> _INSTRUCTIONS TO FOLLOW_: Restate exactly the lines that run from the start of the records below to the line containing "Бумага туалетная влажная", counting both ends, and nothing else; pictures stay out.

Dataset items
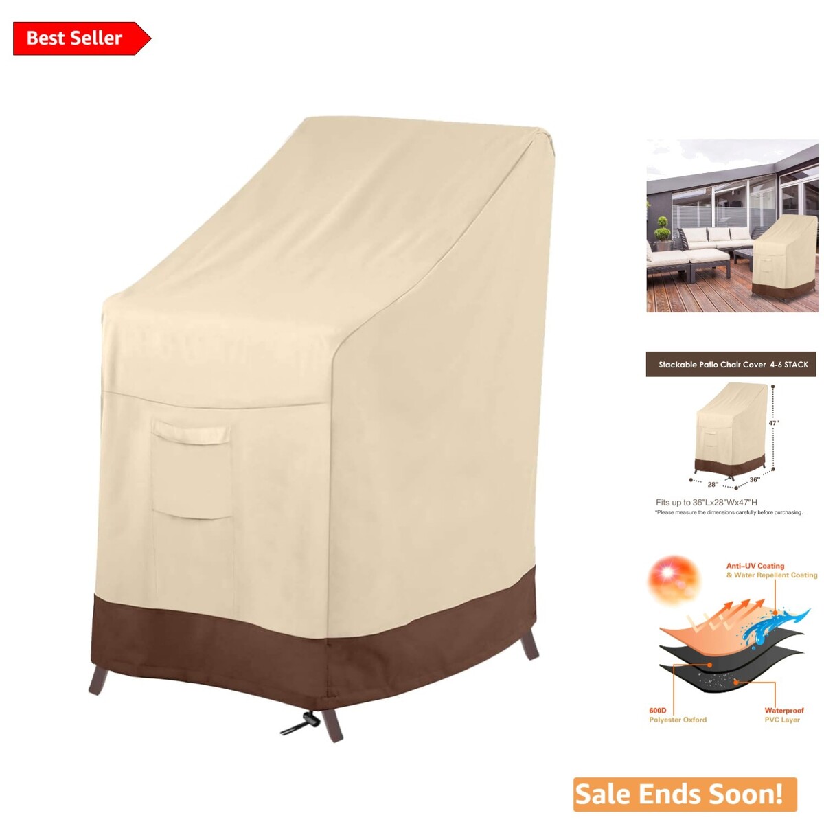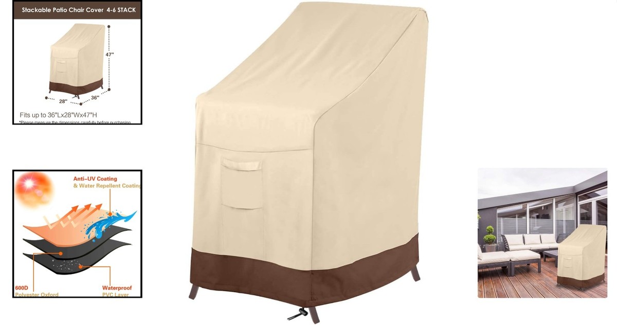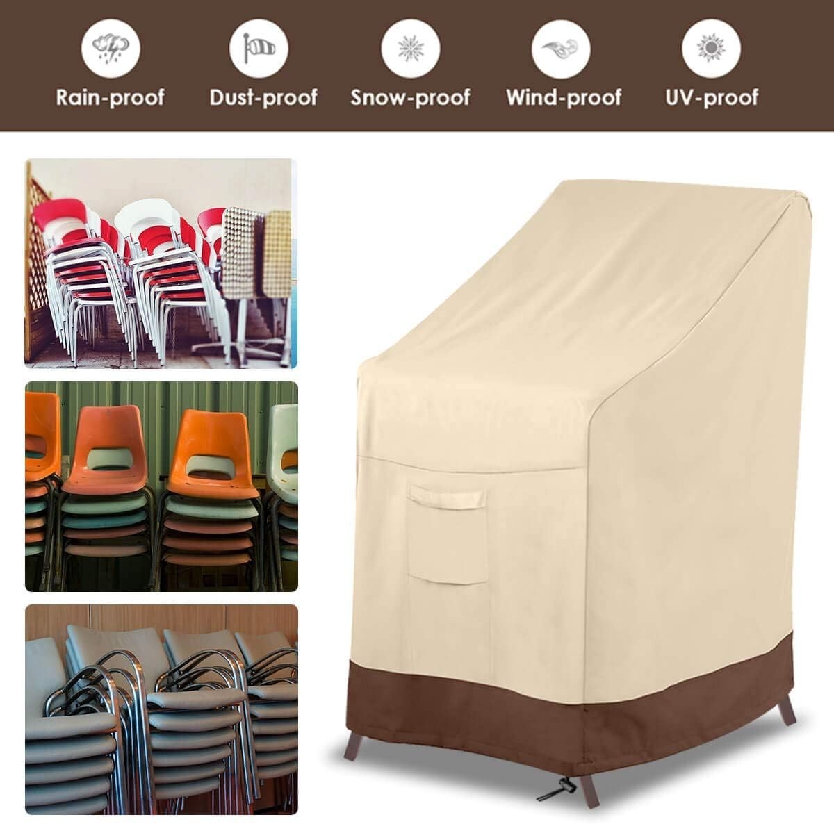 Stackable Chair Cover with Elastic Hem - Protect Outdoors, Beige & Brown
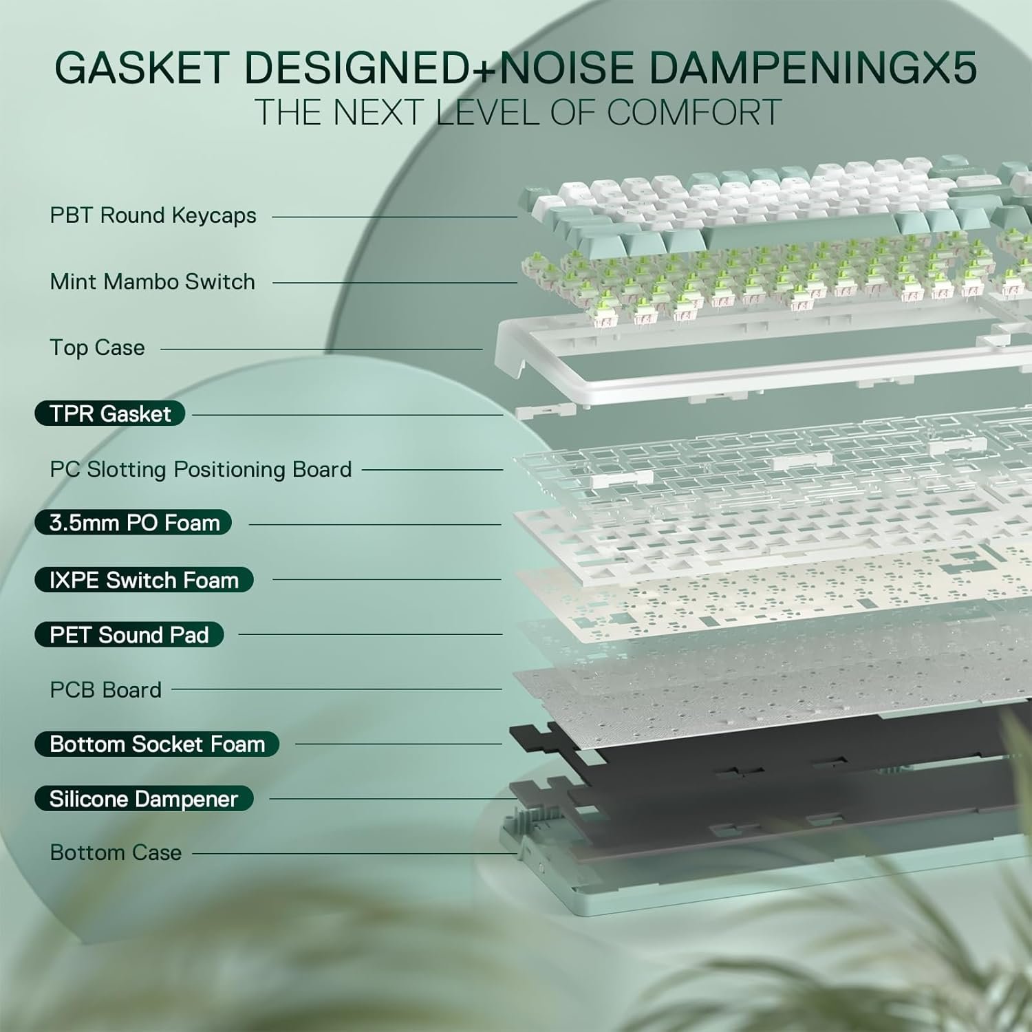 Noise Dampening x 5 – Equipped with 3.5mm PO foam, IXPE switch foam, PET muffler, floor base foam and silicone base and silicone gasket. This greatly reduces hollow noise and creates muffled and ultra-pure tip acoustics, making every keystroke satisfying and enjoyable
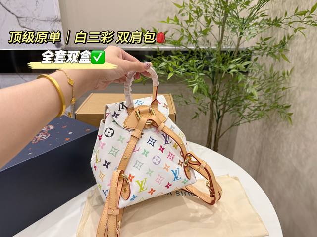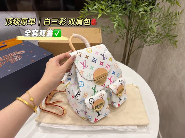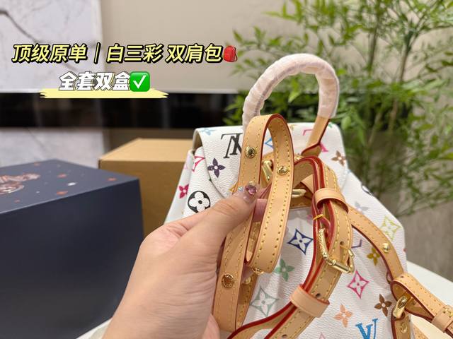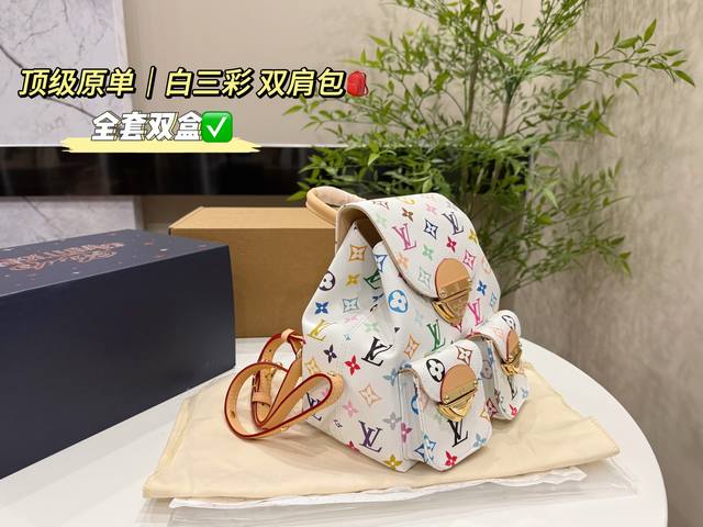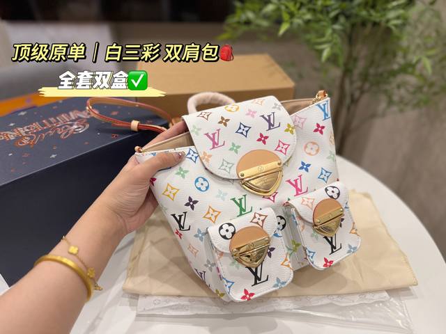 / 全套双盒包装 Lv Excursion白三彩 双肩包 双肩、单肩、手拎、斜挎四种背法都Ok 又是一个热门买不到款 可爱又实用,外加两个小口袋 肩带,时尚加倍尺寸
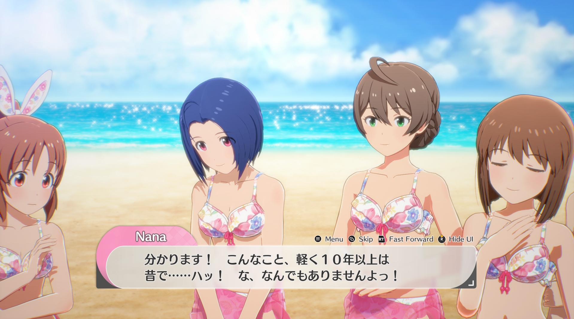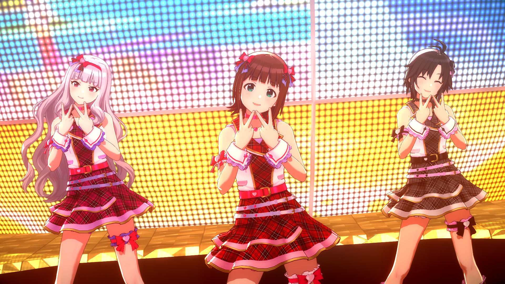 Не тащит Ничика одна песни своего юнита, не тащит. Ее звонкого пронзительного голоса недостаточно. Нужно чтобы Микото оттеняла, добавляла глубины, и на мой взгляд она в большей степени придает характерное кейпопное звучание, которым хорош юнит. Классная у нее сэйю. Хотя обе умницы, ни с кем на слух не спутаешь. Разлучили хоть ненадолго. Модельки прикольные, более детализованные и обмазанные шейдерами. Лица и мимика немного отличаются от игровых, и не сказал бы что однозначно в лучшую сторону. Потрудились даже местами переработать хореографию под ручной микрофон, но стоило ли? В целом неплохо, мне, как ничего не ожидавшему халявщику, понравилось. В который раз восхитился сольной песней Ханы.
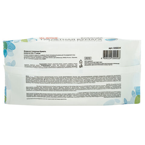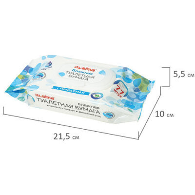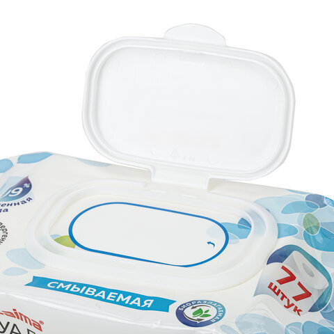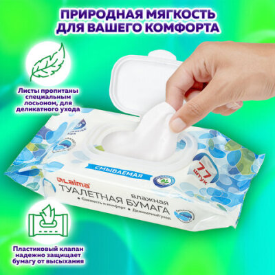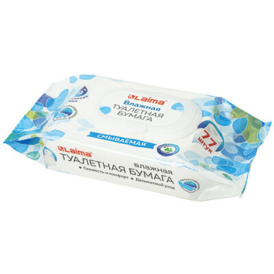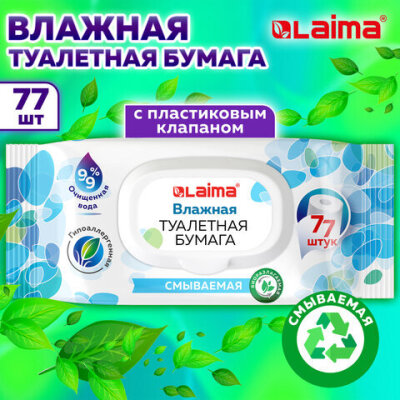 Бумага туалетная влажная смываемая 77 шт., БИОРАЗЛАГАЕМАЯ, с пластиковым клапаном, LAIMA, 115224
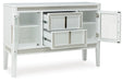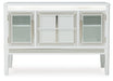 Embracing modern glamour, this server is a sparkling addition to your dining area. The bright white lacquer finish, shimmering rhinestone accents and glass panel doors give this piece plenty of polish. Discreetly placed along the upper valance, white LED lighting adds the perfect finishing touch.
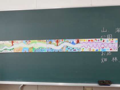 水彩絵の具で塗って乾いた後、クレパスで絵をかいていました。とてもきれいに見えました。
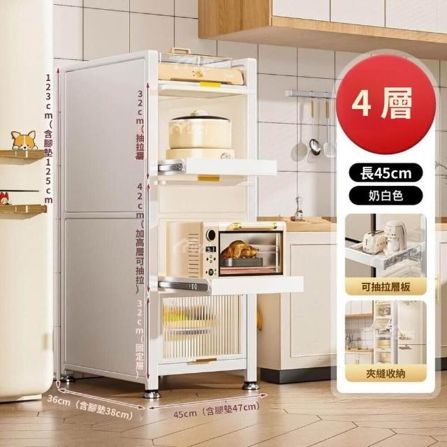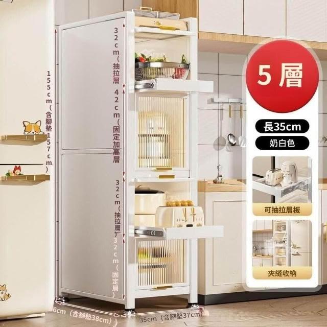 電器櫃抽拉式收納架 35cm/50cm白色抽拉置物架廚房置物架收納落地多層抽拉式儲物櫃多功能微波爐櫥櫃冰箱夾縫櫃
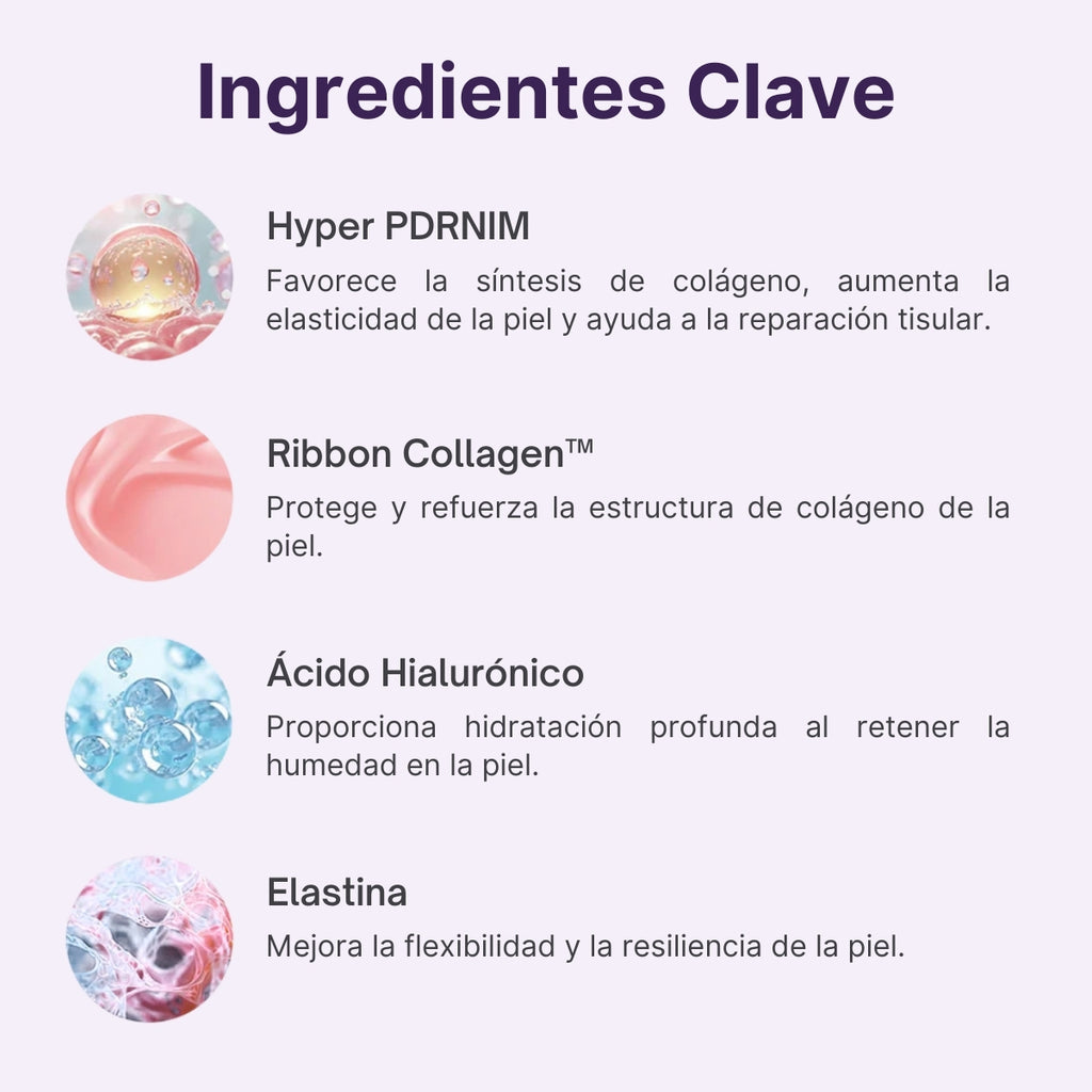 Hyper PDRN™: Promueve la síntesis de colágeno, aumenta la elasticidad y apoya la reparación celular.
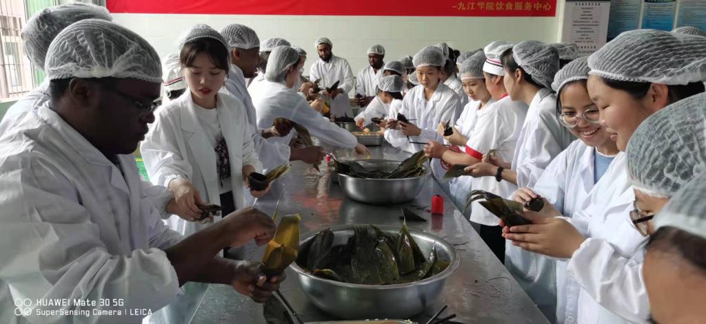 来自国际交流学院的5名留学生也兴致勃勃地参与了活动,认真地体验了一次中华文化。现场气氛十分活跃热闹。在欢快的氛围中,煮熟的粽子出了锅,甜的、咸的,方的、圆的,大家纷纷开始品尝自己的劳动果实。简单的一次包粽子活动,不仅是饮食中心全体员工送出的一份浓浓端午情,不仅能有效帮助食堂提升服务质量和服务品质,还共同促进了和谐文明美丽校园建设,更是后勤管理处“为师生办实事”的一份心意。

> _PROBLEM SOLUTION_:
 Stackable Chair Cover with Elastic Hem - Protect Outdoors, Beige & Brown
 Noise Dampening x 5 – Equipped with 3.5mm PO foam, IXPE switch foam, PET muffler, floor base foam and silicone base and silicone gasket. This greatly reduces hollow noise and creates muffled and ultra-pure tip acoustics, making every keystroke satisfying and enjoyable
 / 全套双盒包装 Lv Excursion白三彩 双肩包 双肩、单肩、手拎、斜挎四种背法都Ok 又是一个热门买不到款 可爱又实用,外加两个小口袋 肩带,时尚加倍尺寸
 Не тащит Ничика одна песни своего юнита, не тащит. Ее звонкого пронзительного голоса недостаточно. Нужно чтобы Микото оттеняла, добавляла глубины, и на мой взгляд она в большей степени придает характерное кейпопное звучание, которым хорош юнит. Классная у нее сэйю. Хотя обе умницы, ни с кем на слух не спутаешь. Разлучили хоть ненадолго. Модельки прикольные, более детализованные и обмазанные шейдерами. Лица и мимика немного отличаются от игровых, и не сказал бы что однозначно в лучшую сторону. Потрудились даже местами переработать хореографию под ручной микрофон, но стоило ли? В целом неплохо, мне, как ничего не ожидавшему халявщику, понравилось. В который раз восхитился сольной песней Ханы.
 Бумага туалетная влажная смываемая 77 шт., БИОРАЗЛАГАЕМАЯ, с пластиковым клапаном, LAIMA, 115224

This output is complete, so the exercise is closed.